Eric Parizo: And, in a way, I think that supports my over-arching belief, which is
enterprises shouldn't worry about the advanced persistent threat. They
should be worrying about anything that could be seen as an anomaly.

Joshua Corman: If you have good situational awareness, you'll stop the mass worm and
the stealthy worm. To me, it's less about anti-fu or anti-ex, and more
about observing more sooner with a prompt and agile response. We're not very
agile right now. It's a mind shift. It's almost "what's your ready posture"
going forward.

Eric Parizo: What was interesting to me, in particular, about going back to the
whole Google/Aurora incident in particular. Was that Google found out about
the incident in the first place through a deep inspection of its DNS logs.
What I wonder is how many other organizations, should they be put in a
similar situation, are prepared to have the tools and the manpower or know-
how, to put action behind that kind of initiative.

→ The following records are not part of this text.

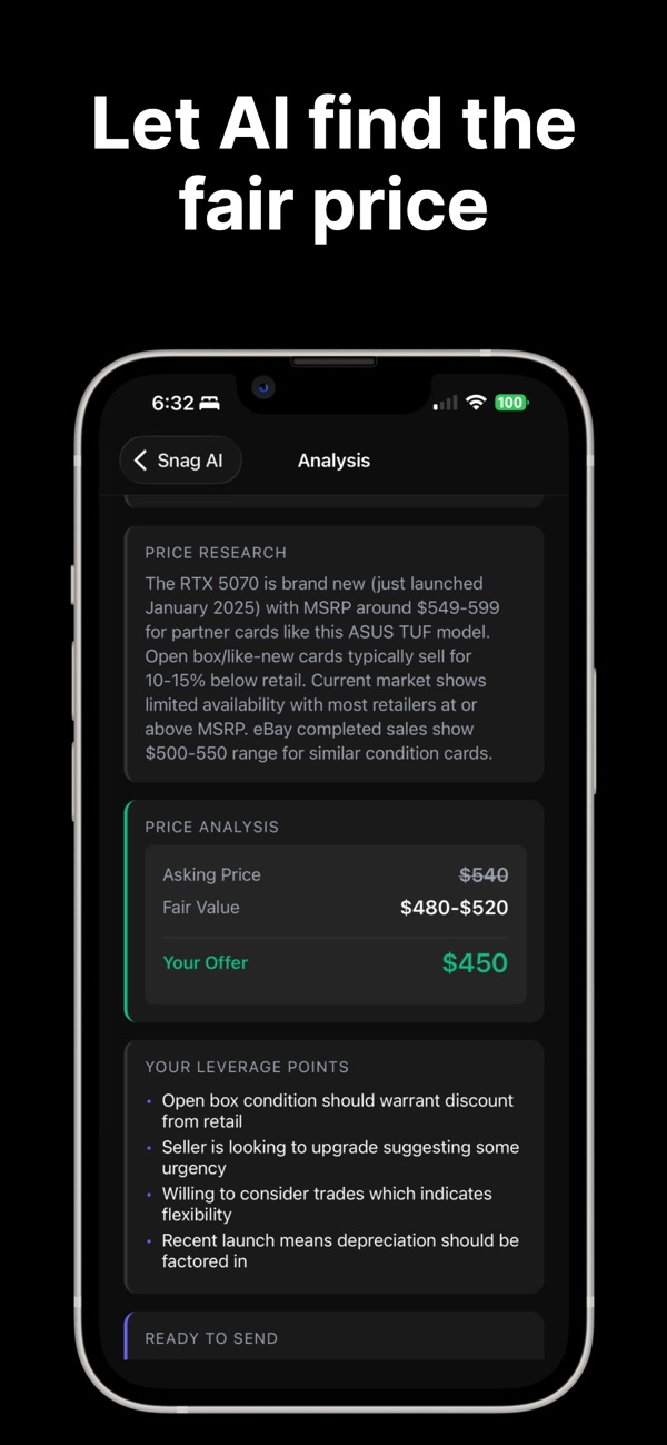 Never overpay again. AI-powered deal analysis for Marketplace, All Online Listing, and more. Get instant price research and negotiation strategies.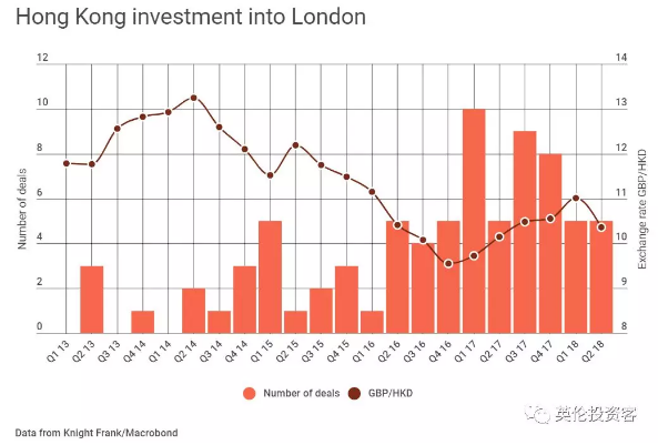 上圖橙色柱子代表著過去5年,香港買家在英國的投資交易量,深紅色曲線代表港幣兌英鎊匯率。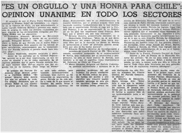 Es un orgullo y una honra para Chile" opinión opinión unánime en todo los sectores [artículo] :

Joshua Corman: The biggest gap to adopting this OODA loop kind of ready posture
that's really necessary for a more determined adversary is that we have a
skill shortage. If you don't have really good analysts that can comb
through these network captures or these system logs...

Robert Westervelt: It costs a lot of money.

Joshua Corman: Anomalies. And they cost more. We think we have a supply chain of
capable technologies to assist, but that needs to be combined with the
skill sets to extract value from that. This is one of the reasons why the
conversation simultaneously has to reduce the distraction of our time,
budget, and energy on compliance low watermarked things. To liberate time
and budget and skill sets to tackle some of the harder things. Basically,
for an adversary, they know you are compliant, and don't care. Even a
friend tells me and they're counting on it. We've kind of homogenized and
normalized. This is pretty much what all of us are going to do. We're not
going to do a whole lot more, because we don't have the time or budget. If
you just do a little bit extra, a little tweak here, or double pack your
virus or use a metasplitidation, you're pretty much going to succeed.